**Material provided**
*** Block opens ***

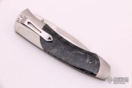 This knife features a satin finished blade with single thumbstud. The handle has a bead blasted titanium frame with acrylic inlays and a tip down stainless steel clip. Has some light scuffs, otherwise excellent condition.
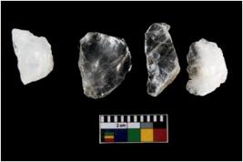 | Description / विवरण | Specimen of cores with weathered cortex and several broad fluted marks. Some of them are irregular in shape, whereas some are tapering at one end. |
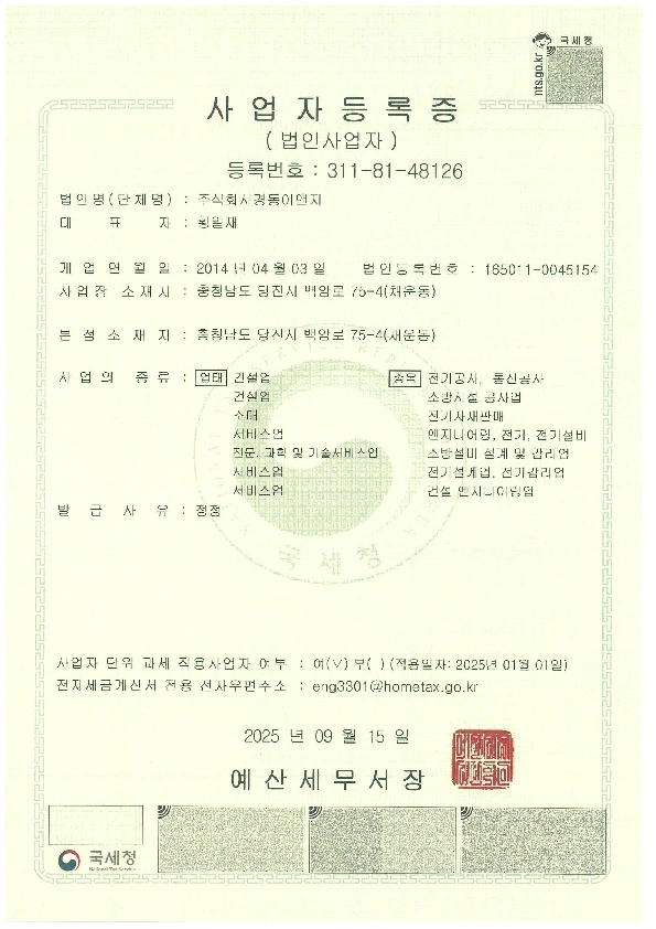 전기공사업 등록증

*** Block closes ***

**What the exercise asks**
Every line of the data above is to be set down exactly; the pictures are not.

**Response area**
 This knife features a satin finished blade with single thumbstud. The handle has a bead blasted titanium frame with acrylic inlays and a tip down stainless steel clip. Has some light scuffs, otherwise excellent condition.
 | Description / विवरण | Specimen of cores with weathered cortex and several broad fluted marks. Some of them are irregular in shape, whereas some are tapering at one end. |
 전기공사업 등록증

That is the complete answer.